Mursi will am 15. Dezember über eine neue Verfassung abstimmen lassen. Der im Schnellverfahren von der Verfassunggebenden Versammlung abgesegnete Text soll die alte Verfassung aus der Ära des 2011 gestürzten langjährigen Staatschefs Hosni Mubarak ersetzen. In dem Entwurf werden unter anderem die "Prinzipien der Scharia" als die "wichtigste Quelle der Gesetzgebung" genannt. Zudem werden der Islam zur Staatsreligion und das Arabische zur offiziellen Sprache gemacht. 

Demonstranten hindern Richter am Zugang zum Gericht

Die Verfassunggebende Versammlung war von der liberalen und laizistischen Opposition sowie Vertretern der christlichen Kirchen boykottiert worden. Sie warfen den die Versammlung dominierenden Islamisten vor, diese wollten ihre Werte mit aller Macht durchsetzen. Gegner und Befürworter des Verfassungsentwurfs hatten in den vergangen Tagen in Massen protestiert.
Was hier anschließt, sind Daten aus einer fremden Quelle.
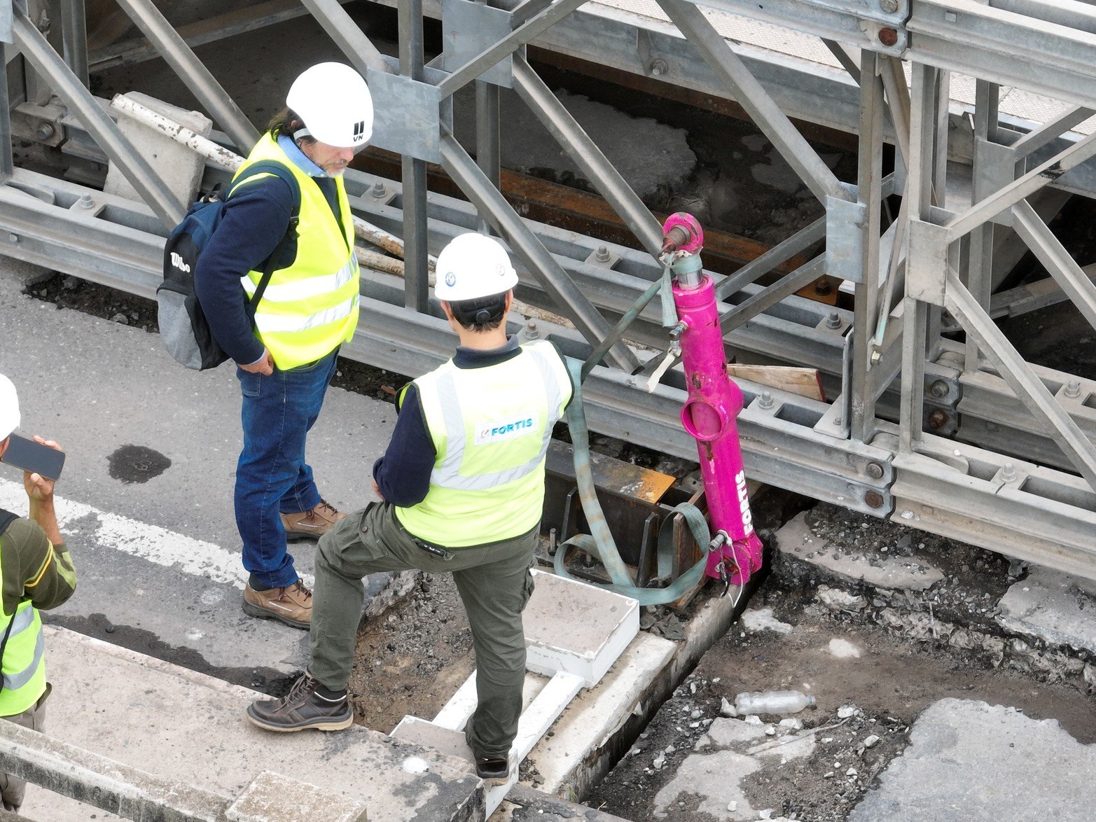 5 / 7 Los operarios usaron un gato hidráulico para las tareas encaradas desde este miércoles. Foto: Fernando Nicola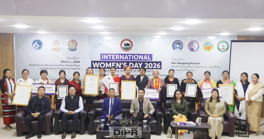 International Women’s Day 2026 was observed at the Capital Convention Centre, Kohima on 7th March 2026 under the theme “Rights. Justice. Action. For All Women and Girls.” The event was graced by MLA & Advisor, Department of Social Welfare, Wangpang Konyak as the chief host, while Minister for Environment, Forest, Climate Change and Village Guards, C. L. John attended as the special guest. The programme began with an invocation by Rev. Izieteilung Tering, State Chaplain, followed by a welcome address delivered by Director, Women Resource Development, Vilone Sakhrie.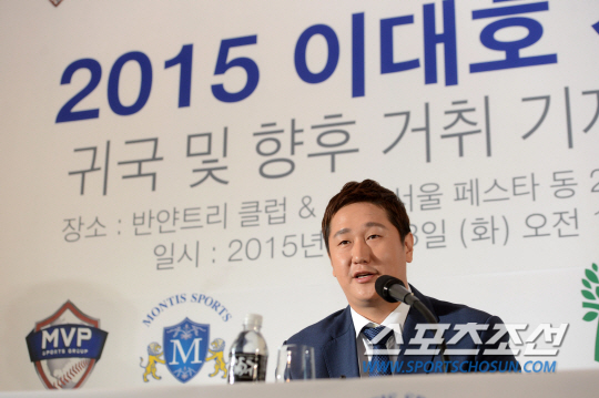 이대호가 3일 서울 반얀트리 클럽 앤 스파에서 귀국 및 향후 거취 기자회견을 가졌다. 이대호가 질문에 답하고 있다. 롯데 자이언츠를 떠나 오릭스와 소프트뱅크에서 2년씩 뛴 활약한 이대호는 소속팀을 지난해에 이어 일본시리즈 정상으로 이끌었고 일본시리즈 MVP로 선정되며 시즌 피날레를 멋지게 장식했다. 허상욱 기자 wook@sportschosun.com/2015.11.03/ |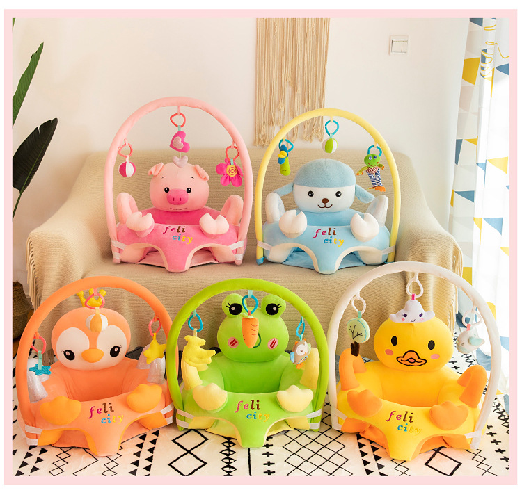 Fotoliu din plus bebe Felicity cu centru de joaca Fotoliu din plus bebe Felicity centru de joaca este un fotoliu cu un design special gandit pentru sustinerea confortabila a coloanei bebelusului. Pozitia acestuia este foarte confortabila. Fotoliul are forma de animalut dragalas (diferite modele), are manere si o arcada detasabila, unde se pot agata jucarii cu care copilasul se poate distra. Dispune de niste decupaje pentru picioruse, copilasul bucurandu-se ca se poate misca liber. Portiunea pe care este asezat este moale, astfel ca bebelusii vor sta extrem de confortabil in fotoliul din plus. Fotoliul este fabricat din material de calitate si este umplutut cu vatelina. Partea inferioara este antialunecare, iar spatarul este suficient de inalt pentru a sustine spatele copilului. Dimensiune: 53 cm x 53 cm x 50 cm (inaltimea spatarului 39 cm) Sunt incluse 3 jucarii agatate la arcada, care pot sa difere fata de imaginile de prezentare! Atentie! Nu lasati bebelusul nesupravegheat, verificati de fiecare data pozitionarea fotoliului, sa fie pozitionat pe o suprafata plana. Nu puneti fotoliul in pat sau pe suprafete aflate la inaltime.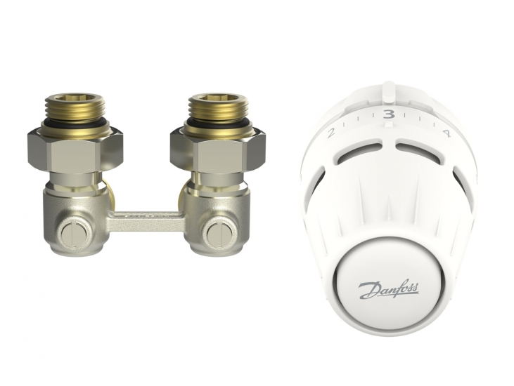 Технічні характеристики Комплект термостатичний Danfoss Regus RA + RLV-KB, H-подібний, нижнє підкл, 1/2", кутовий: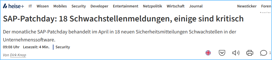 近日,据国外媒体报道:SAP修补了18个系统安全漏洞!SAP发布了2025年4月补丁日安全公告,修复了18个漏洞。其中三项被视为至关重要,包括SAPS/4HANA(私有云)和SAPLandscapeTransformation中的代码注入可能性,两者的CVSS评分均为9.9。另一个严重问题涉及SAPFinancial...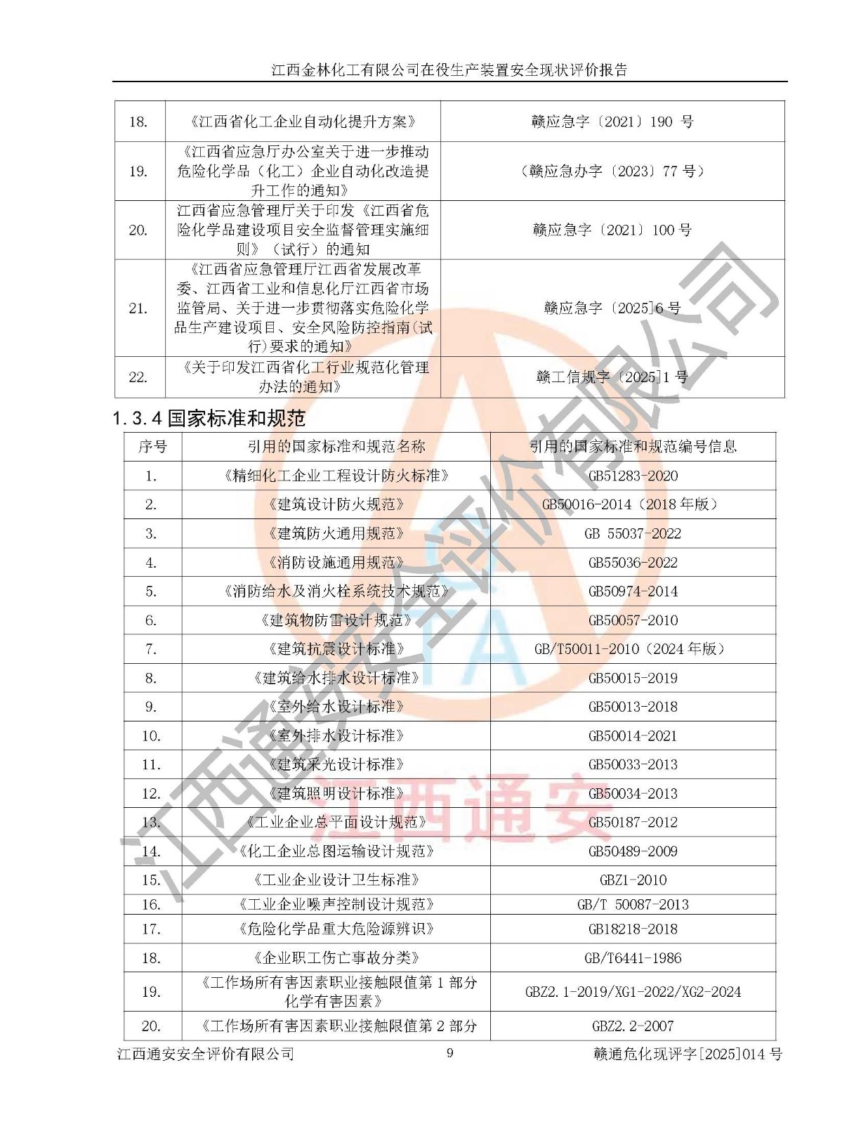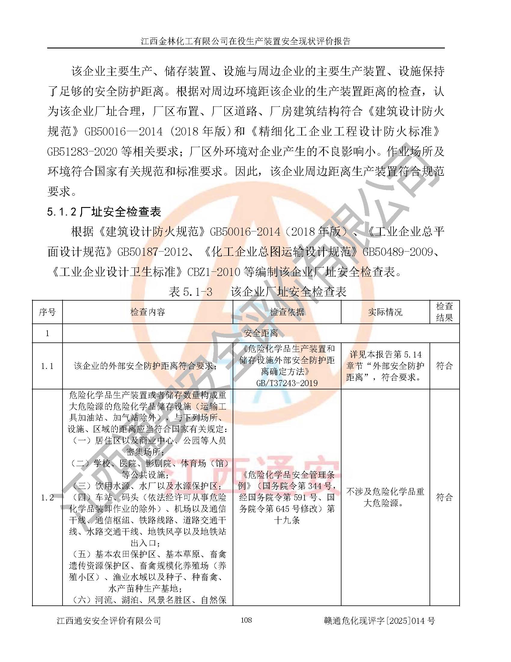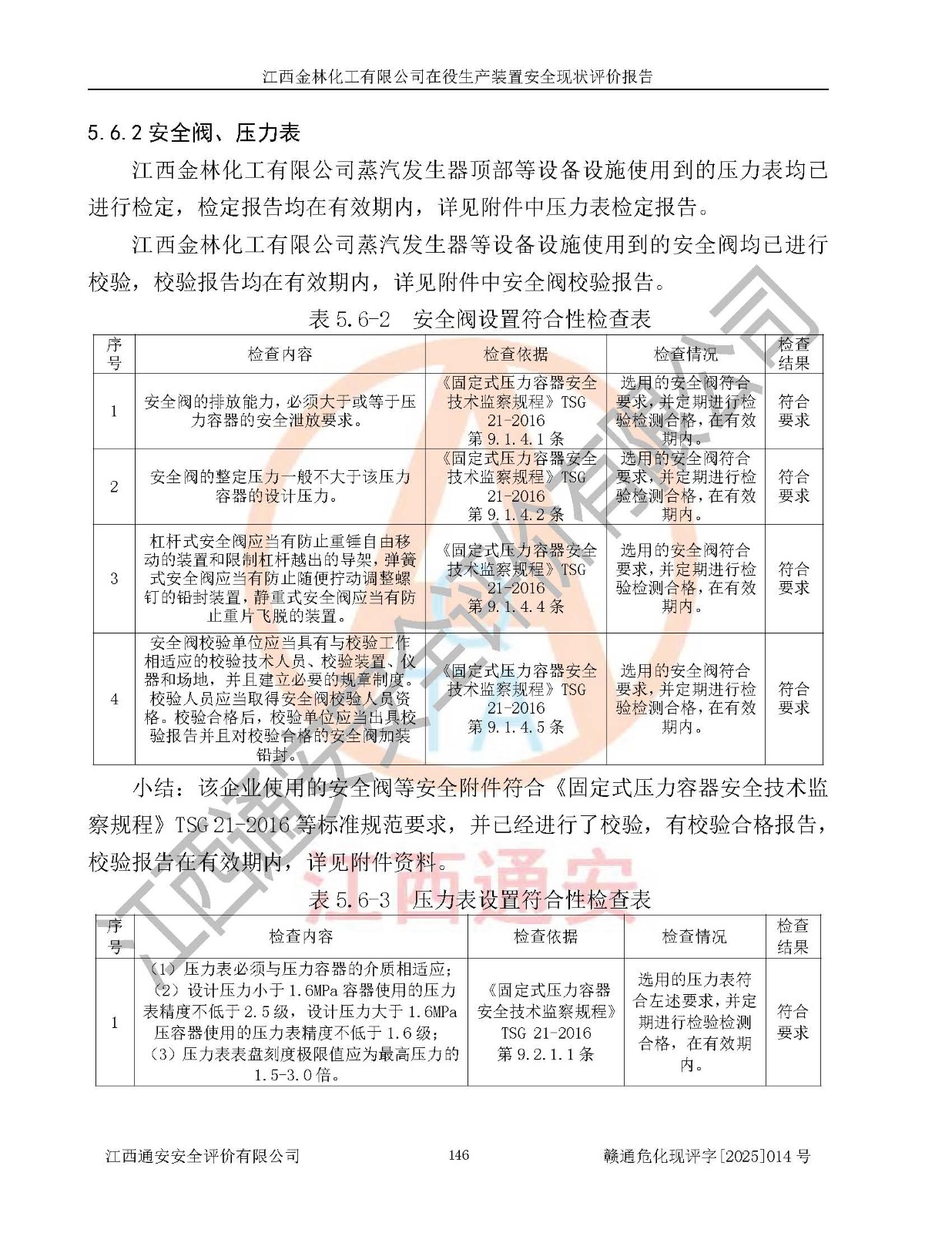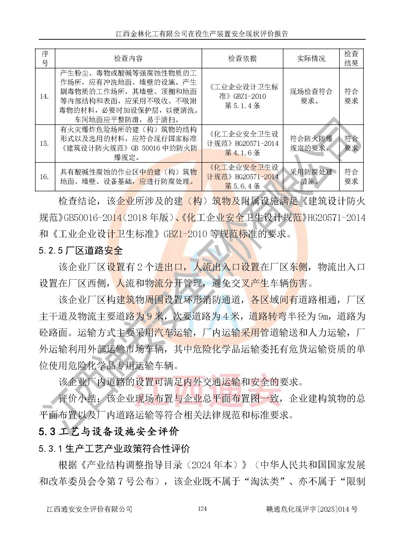 評價報告名稱 | 江西金林化工有限公司在役生產(chǎn)裝置安全現(xiàn)狀評價報告 | |||

Das Verfassungsgericht vertagte am Sonntag wegen anhaltender "psychologischer und materieller Pressionen" eine Entscheidung zur Rechtmäßigkeit der Verfassungsversammlung. Demonstranten hatten die Richter am Zutritt zum Gericht gehindert. Das Gericht hatte im Sommer eine frühere Verfassungsversammlung als unrechtmäßig aufgelöst. Um eine erneute Auflösung zu verhindern, hatte Mursi im November in einem umstrittenen Dekret der Justiz die Auflösung der Versammlung und des ebenfalls von den Islamisten dominierten Oberhauses verboten.

Hunderttausende Islamisten demonstrierten am Samstag an der Universität von Kairo für Mursis Machterhalt. Kundgebungen für Mursi gab es auch in der zweitgrößten Stadt Alexandria und in der zentralen Provinz Assiut. Seine Anhänger sehen in dem am Freitag angenommenen Verfassungsentwurf eine Garantie für Stabilität in der politischen Krise. Der Opposition werfen sie vor, die Errungenschaften der Revolte von 2011 aufs Spiel zu setzen.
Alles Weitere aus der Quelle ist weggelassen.